*** Block opens ***
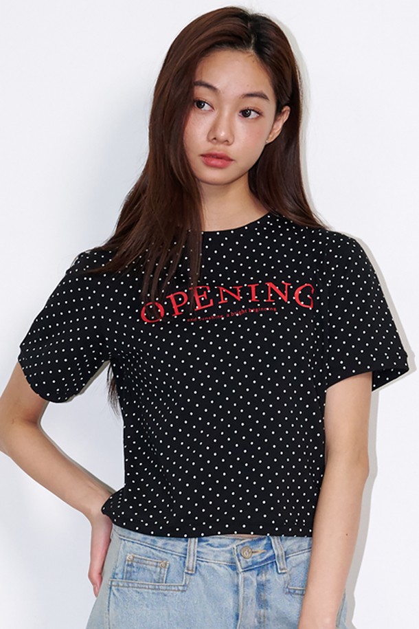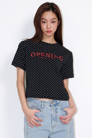 Dot Short-sleeved Logo Cropped T-shirt Black
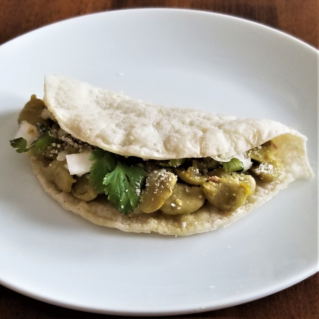 Although mezcal and aloe were used as a substitution for pulque, I think the pretense worked well enough, imparting a lightly sweet and unique flavour to the humble broad beans. This simple dish may also serve as a light lunch, supplemented with crumbled cheese, and fixed as a taco in a warm corn tortilla:
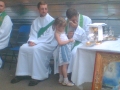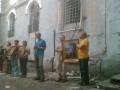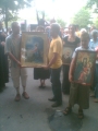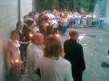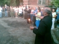 А пока юристы вели свои дискуссии в прохладном помещении, на разогретом проспекте возле храма состоялся очередной конфликт между верующими и компанией «Дагсбери». Римо-католики, которые проводили молебен сбоку здания, увидели как на них двигается КАМАЗ. Грузовик остановились лишь в нескольких сантиметрах от прихожан, и этого было достаточно, чтобы морально изможденные люди начали свирепеть. Они обступили КАМАЗ, ехавший забирать остатки крыши, и заявили, что не пропустят его, пока власть не выполнит свои обязанности по защите граждан. На место событий за несколько минут подъехало руководство «Дагсбери», охранной фирмы «Тайфун» и работники Кировского райотдела милиции. В то время, как оформлялись протоколы, к группе верующих и журналистов, которые осматривали храм и фотографировали разрушенную верхушку костела, подошел руководитель охранной фирмы «Тайфун», Николай Николаевич, и начал требовать от людей разойтись. Он не обратил внимание на то, что люди находятся в обычном дворе, который совершенно точно не является собственностью «Дагсбери».
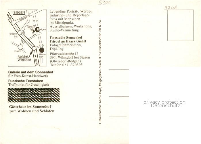 73863248 Wilnsdorf-Wilgersdorf Fotostudio Sonnenhof postalisch nicht gelaufen Fliegeraufnahme Erhaltung siehe scans [FriedD77] KatCode: 11110005970044
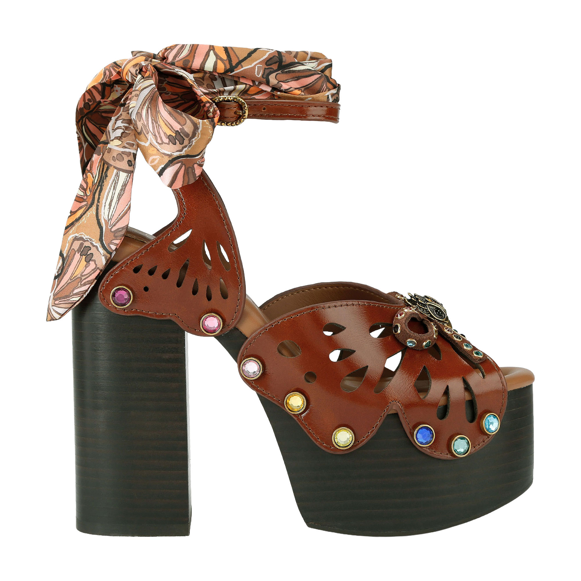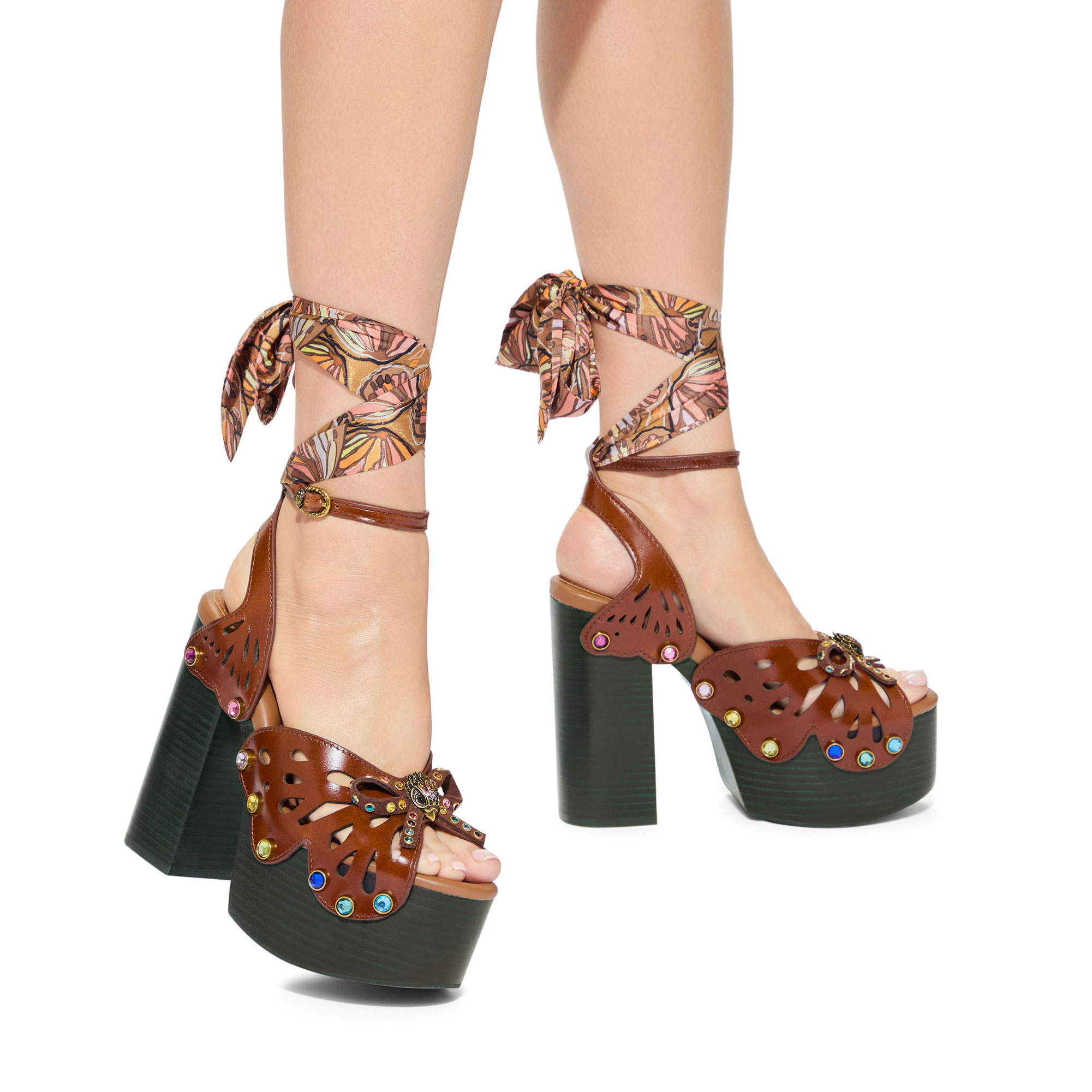 • Platform heel design, leather upper, butterfly wing cut-out detailing, crystal embellishments throughout, ankle wrap scarf fastening, gold-tone hardware
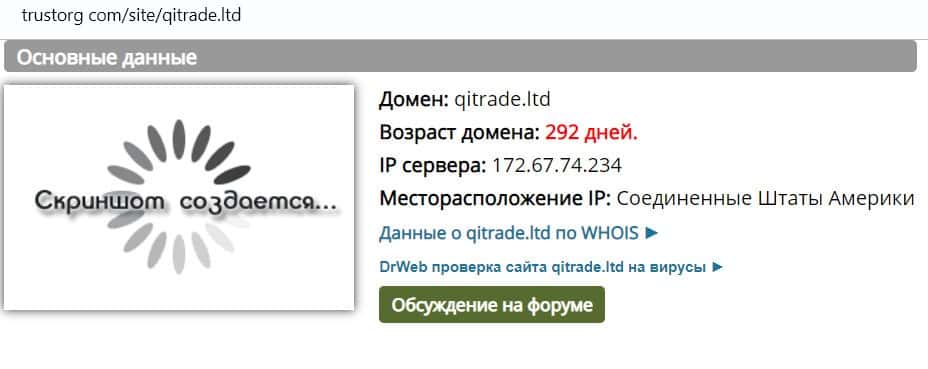 Возраст доменного имени сайта qitrade ltd составляет 292 дня. Контора работает меньше года, если верить информации с сайта Трасторг.
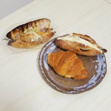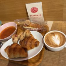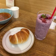 朝ごはん クロワッサンとトマトのスープ カフェラテ
*** Block closes ***
- Activity -
Each line from the first line of the records through the line containing "Although mezcal and" must be reproduced exactly, with both ends included and all pictures omitted; nothing else belongs in the answer.

- Response to the task -
 Dot Short-sleeved Logo Cropped T-shirt Black
 Although mezcal and aloe were used as a substitution for pulque, I think the pretense worked well enough, imparting a lightly sweet and unique flavour to the humble broad beans. This simple dish may also serve as a light lunch, supplemented with crumbled cheese, and fixed as a taco in a warm corn tortilla:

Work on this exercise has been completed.